[Stored items]
* * * * * * * * *
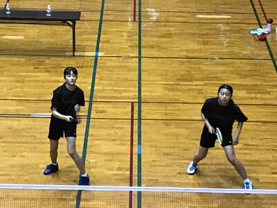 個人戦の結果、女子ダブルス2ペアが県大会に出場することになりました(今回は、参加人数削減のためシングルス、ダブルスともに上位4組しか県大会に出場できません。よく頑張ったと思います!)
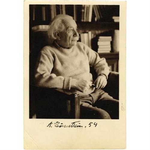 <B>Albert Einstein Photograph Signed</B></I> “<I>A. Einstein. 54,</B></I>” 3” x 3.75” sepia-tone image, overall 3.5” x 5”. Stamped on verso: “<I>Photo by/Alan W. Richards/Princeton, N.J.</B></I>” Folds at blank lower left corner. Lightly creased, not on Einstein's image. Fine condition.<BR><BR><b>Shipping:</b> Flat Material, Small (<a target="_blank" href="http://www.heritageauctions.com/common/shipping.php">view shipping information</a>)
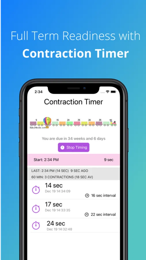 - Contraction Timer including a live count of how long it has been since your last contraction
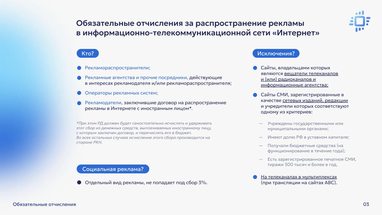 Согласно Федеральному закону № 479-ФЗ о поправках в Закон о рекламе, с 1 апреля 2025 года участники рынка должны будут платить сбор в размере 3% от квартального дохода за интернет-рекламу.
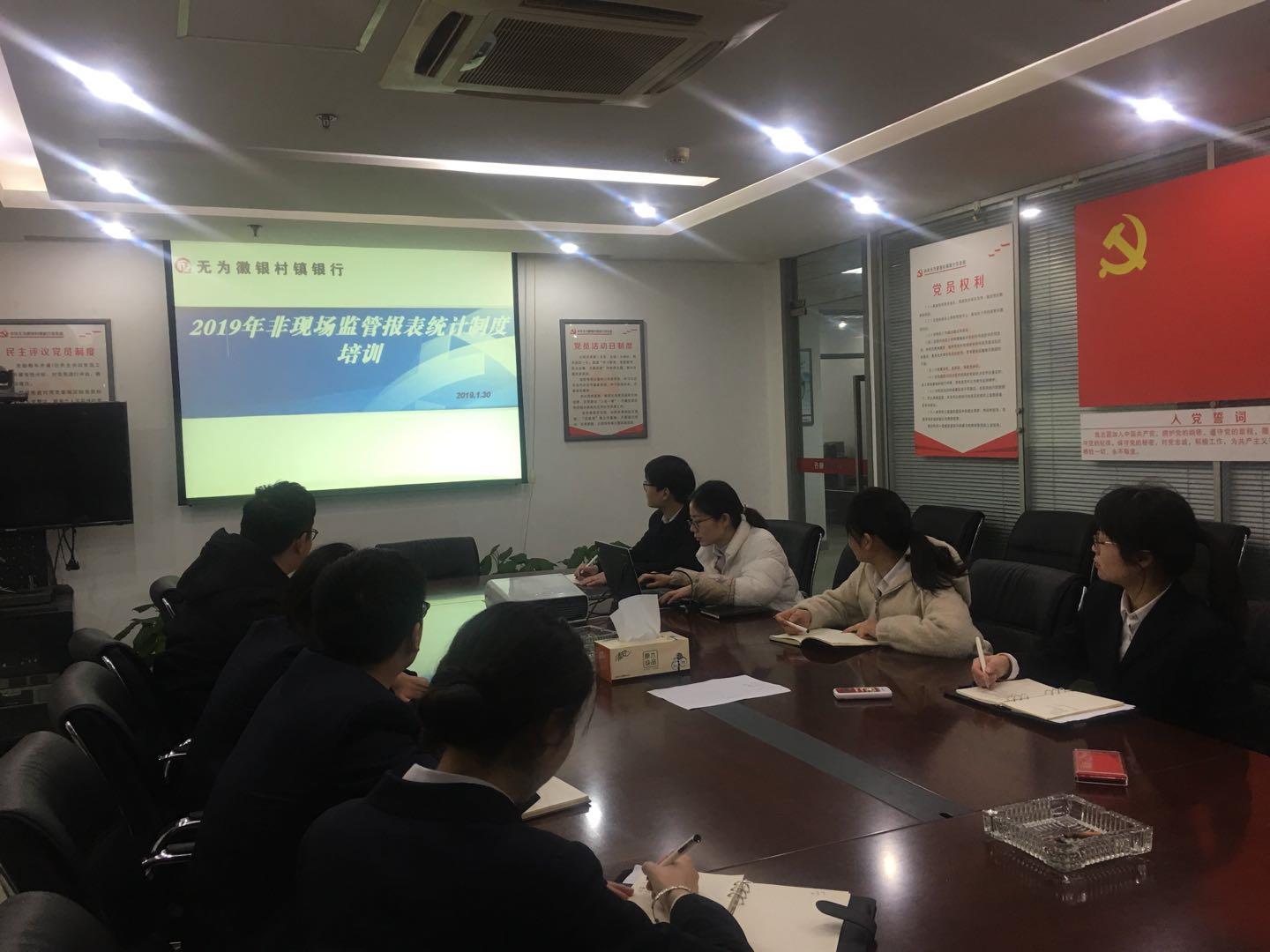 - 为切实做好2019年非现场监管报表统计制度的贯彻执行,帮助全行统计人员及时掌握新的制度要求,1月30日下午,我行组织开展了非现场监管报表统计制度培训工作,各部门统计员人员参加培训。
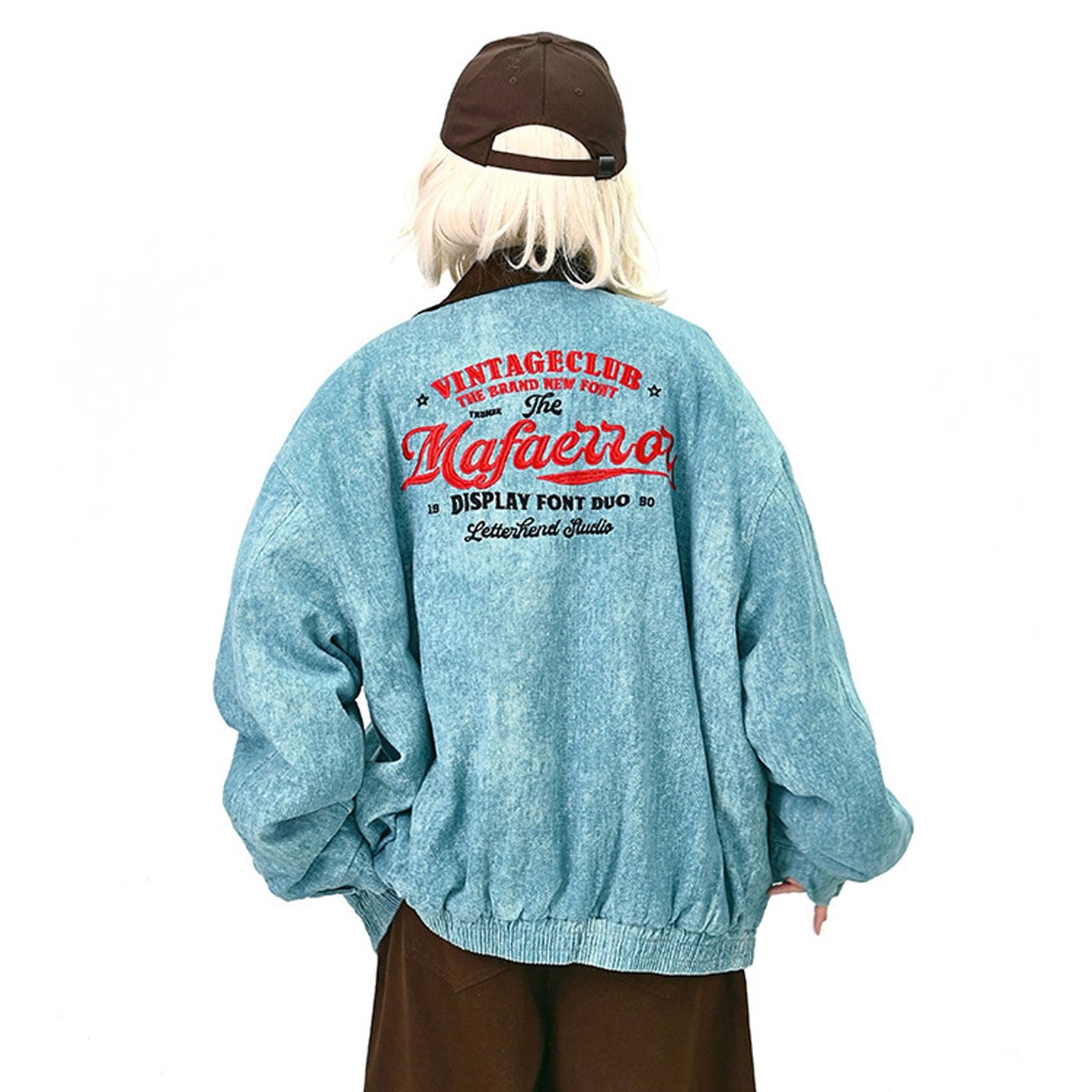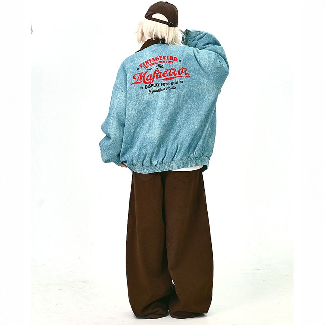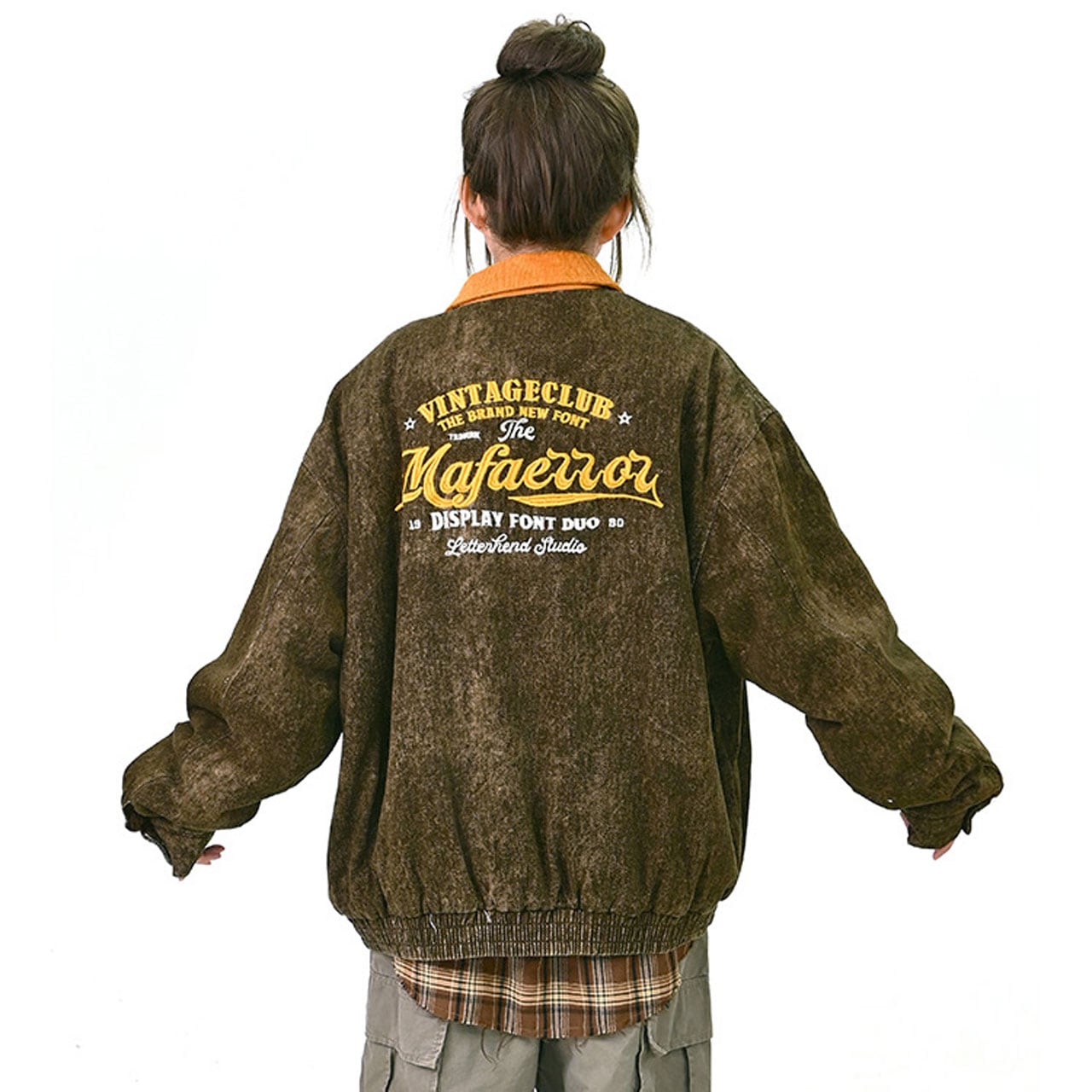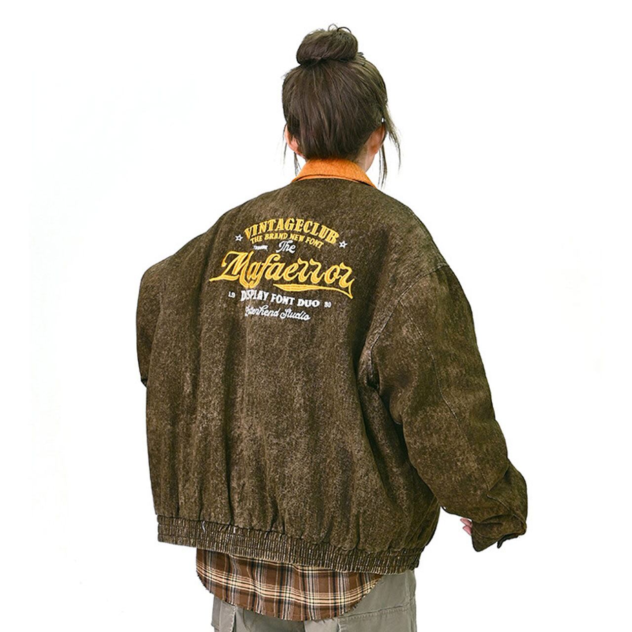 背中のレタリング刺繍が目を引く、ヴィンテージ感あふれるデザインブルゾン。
* * * * * * * * *
A faithful copy of all the records is required, with the pictures left out.

 個人戦の結果、女子ダブルス2ペアが県大会に出場することになりました(今回は、参加人数削減のためシングルス、ダブルスともに上位4組しか県大会に出場できません。よく頑張ったと思います!)
 <B>Albert Einstein Photograph Signed</B></I> “<I>A. Einstein. 54,</B></I>” 3” x 3.75” sepia-tone image, overall 3.5” x 5”. Stamped on verso: “<I>Photo by/Alan W. Richards/Princeton, N.J.</B></I>” Folds at blank lower left corner. Lightly creased, not on Einstein's image. Fine condition.<BR><BR><b>Shipping:</b> Flat Material, Small (<a target="_blank" href="http://www.heritageauctions.com/common/shipping.php">view shipping information</a>)
 - Contraction Timer including a live count of how long it has been since your last contraction
 Согласно Федеральному закону № 479-ФЗ о поправках в Закон о рекламе, с 1 апреля 2025 года участники рынка должны будут платить сбор в размере 3% от квартального дохода за интернет-рекламу.
 - 为切实做好2019年非现场监管报表统计制度的贯彻执行,帮助全行统计人员及时掌握新的制度要求,1月30日下午,我行组织开展了非现场监管报表统计制度培训工作,各部门统计员人员参加培训。
 背中のレタリング刺繍が目を引く、ヴィンテージ感あふれるデザインブルゾン。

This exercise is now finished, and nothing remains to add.